Work up to your target over 3–4 weeks. The Dietary Guidelines for Americans, 2020–2025 recommends a dietary fiber intake of 14 grams per 1,000 calories consumed. For a 2,000-calorie diet, the fiber recommendation is 28 grams per day. Most people in the US are getting less than half that. Closing that gap takes weeks, not days.
Spread fiber across meals. Don't try to hit your daily target at dinner. Spreading intake across breakfast, lunch, and dinner keeps fermentation gradual and digestive pressure manageable.
Should you add a fiber supplement?
Whole food fiber is always the goal. It comes with micronutrients, water content, and gut-friendly compounds that isolated supplements don't replicate. But supplements have a legitimate role when diet alone isn't getting you there.

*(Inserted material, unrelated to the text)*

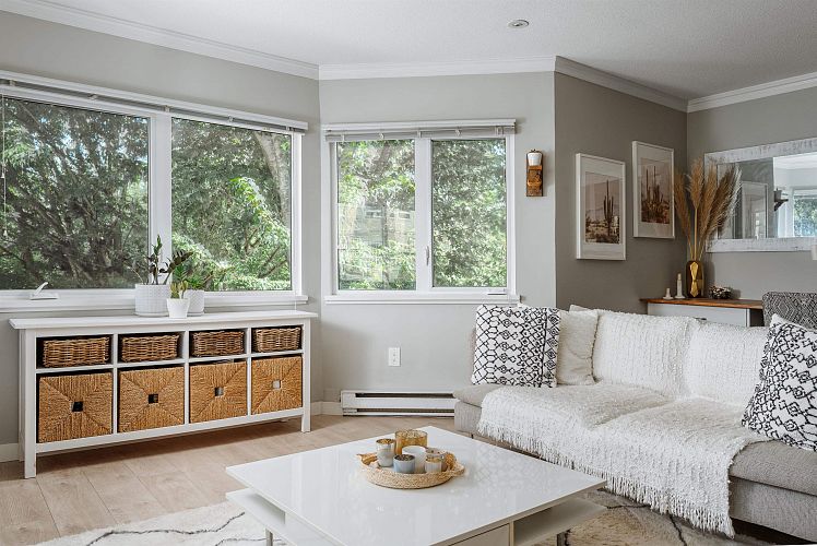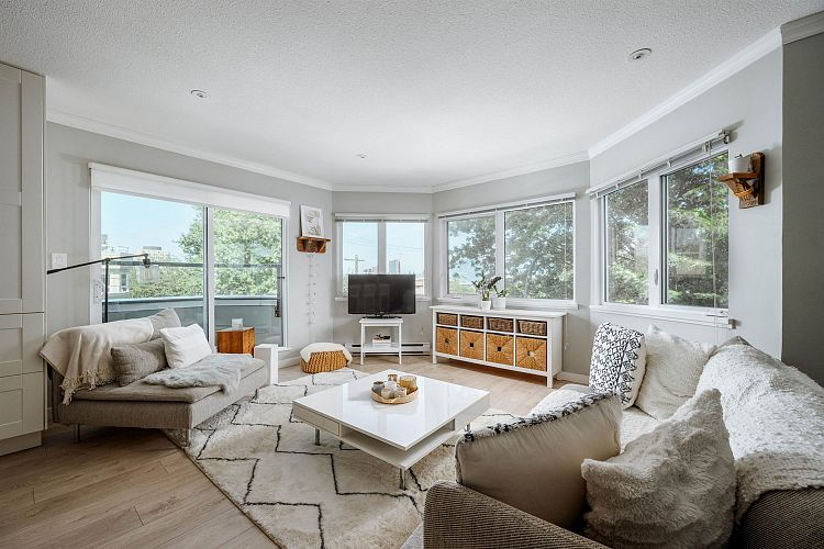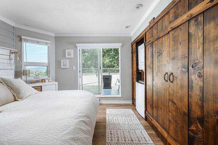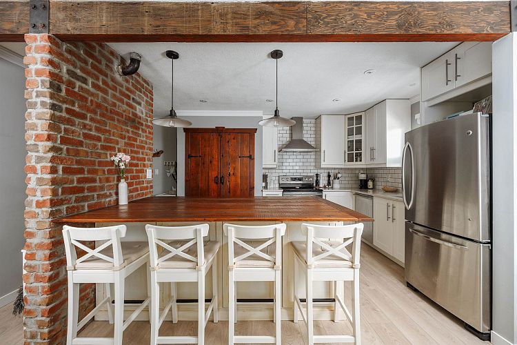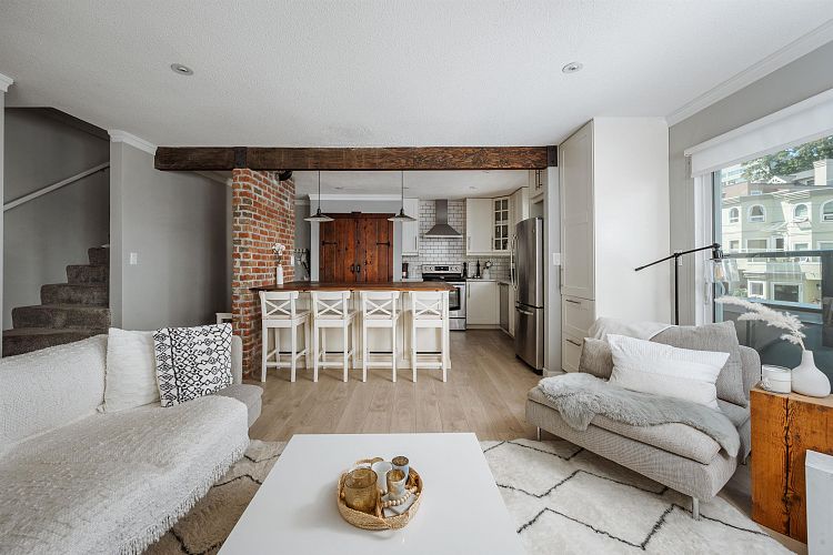 2 STOREY CONDO | TASTEFULLY UPDATED | ROOFTOP DECK | Quietly tucked away on a no-through road, sits this modern, 2 storey, corner condo in Fairview slopes. Just steps to Granville island, false creek, sea wall and water taxi, all restaurants, convience. LAYOUT; 774 SQFT w/ open concept front of mind + plenty natural light. 2 storey's; living + kitchen on main level. Full 3 piece updated bathroom, primary bedroom with in suite laundry upstairs, that walks out to your 145 sqft, private, rooftop deck with OCEAN, MOUNTAIN AND CITY VIEWS! FEATURES; New laminate flooring, neutral paint + baseboards. Kitchen complete with white shaker cabinets, custom built in pantry, quartz counter tops, large island made with reclaimed wood providing extra storage underneath. Complete with 1 parking.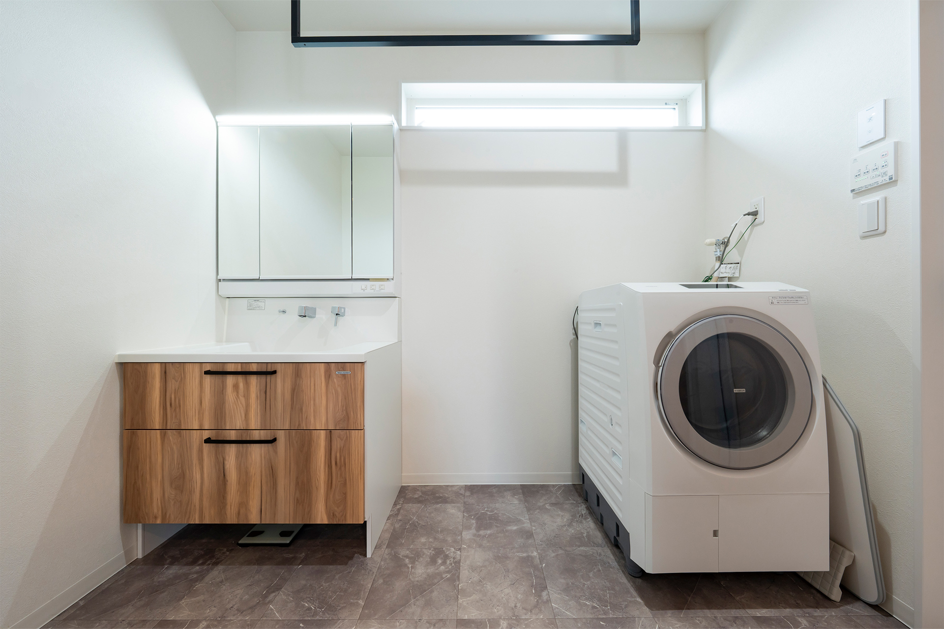 洗面脱衣室は、木目パネルの洗面台、洗濯に便利なホスクリーン、衛生的でおしゃれな床パネルを採用。

Psyllium husk is the most studied. Fiber supplements are strongly recommended in the American Society of Colon and Rectal Surgeons (ASCRS) practice guidelines, based on a Cochrane review. In this meta-analysis, fiber supplementation reduced the relative risk of persisting or non-improving symptoms by 47% and cut the relative risk of bleeding by 50%. Those are the same numbers as the dietary fiber studies, because psyllium is primarily soluble fiber, working by the same gel-forming mechanism.
A specific regimen studied in patients with advanced hemorrhoids (grades III and IV) used 5–6 teaspoons of psyllium husk with 600 mL of water daily, combined with behavioral modifications. The behavioral side matters too: limiting toilet time to three minutes, avoiding straining, aiming for once-daily bowel movements. Fiber alone without changing how you defecate is less effective than both together.
One practical note: psyllium can interfere with medication absorption. If you're taking any prescription drugs, take psyllium at least two hours before or after your medication.
Wheat dextrin supplements (like Benefiber) are a gentler alternative if psyllium causes gas. They're less bulky but still add meaningful soluble fiber.
A note on when fiber isn't enough
A high-fiber diet is first-line for grade I and grade II hemorrhoids (the mild-to-moderate range) and should be part of every treatment plan for grades III and IV too. But it's not a substitute for medical treatment when symptoms are severe.
Studies confirm that over 90% of mild hemorrhoid and fissure cases respond to non-surgical management with diet and behavior correction. That's a reassuring statistic. But if you're experiencing persistent rectal bleeding, prolapse that won't reduce on its own, or significant pain that isn't improving with dietary changes after 4–6 weeks, you need a proper clinical evaluation. Rectal bleeding in particular should always be assessed — not assumed to be hemorrhoids — to rule out other causes.
Hemorrhoids that are sensitive to IBS-type triggers (think specific FODMAPs causing loose, urgent stools that irritate already-swollen tissue) sometimes need a more targeted dietary approach. If you suspect your gut issues run deeper than hemorrhoids alone, it's worth reading about SIBO and how diet affects gut bacterial overgrowth as a related piece of the puzzle.
Final thoughts
Hemorrhoids are common, manageable, and highly responsive to dietary change for most people. The evidence for fiber is unusually consistent in nutrition research: across multiple randomized controlled trials, it cuts symptoms nearly in half and bleeding risk by half.
The strategy isn't complicated. Eat more plants. Drink more water. Add fiber gradually. Take psyllium if your diet isn't getting you to your daily target. Change how long you spend on the toilet.
None of that is glamorous. But neither is ignoring a problem that responds this well to basic dietary shifts.